Bugün Hasankeyf’i, Zeugma’yı, Allianoi’yi savunmak; Kazdağı’nı, Munzur’u, Fırıtna Vadisi’ni, Sinop’u, Akkuyu’yu savunmaktır. Türkiye’nin halklarının kardeşliğini savunmaktır. Bunu böyle anlayamazsak; Allianoi’yi, Zeugma’yı Hasankeyfi’i savunamazsak, Kazdağı’nı da savunamayız, Fırtına Vadisi’ni de... Dahası böyle bir tarih-toplum sentezini savunmazsak, ırkçı-şoven baskıyı geri püskürtemeyiz; ülkenin birliğini, bütünlüğünü, halkların kardeş olmasını da savunamayız.

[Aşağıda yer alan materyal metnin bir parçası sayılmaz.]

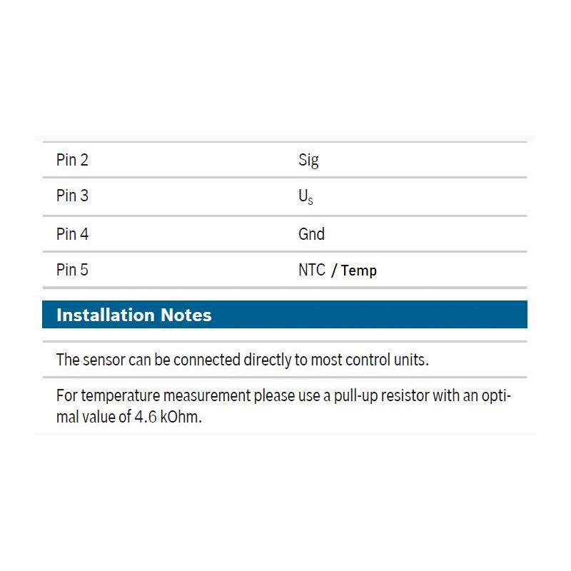 This sensor can be connected directly to most control units. For temperature measurement please use a pull-up resistor with an optimal value of 4.6 kOhm.

(*) Türkiye’de 50-60 bin dolayında Ermeni vardır ama egemen güçler, ‘Kars’ta, Ağrı’da, Erzurum’da, bir Ermenistan kurulmak isteniyor’ diye politikalar oluşturmaktadır. Resmen birkaç köy dışında Rumun bulunmadığı Trabzon’da ‘Yarın bir Pontus devleti kurulacak’ diye çeteler kurulmaktadır. Beş-on bin Rumun bırakılmadığı İstanbul ve İzmir’de Yunanlıların gözü olduğundan şüphe duyulmamaktadır. Ya da Kürtler, “hayır” deseler de ‘Varlıkları, dilleri, kültürleri kabul edilirse bunlar Türkiye’yi böler’ diye uygulanan acımasız asimilasyon ve baskılar meşru gösterilmektedir. Çünkü Türkiye’nin egemenleri Anadolu’yu fethetmişlerdir ama onu yurt olarak benimsemeyi başaramamışlar; Anadolu’nun yerleşik bir halkı olduklarına kendilerini inandıramamışlardır. Onun için de hep, eski halkların bu yeni sahibi bir gün başından atacağı korkusuyla yaşamaktadırlar.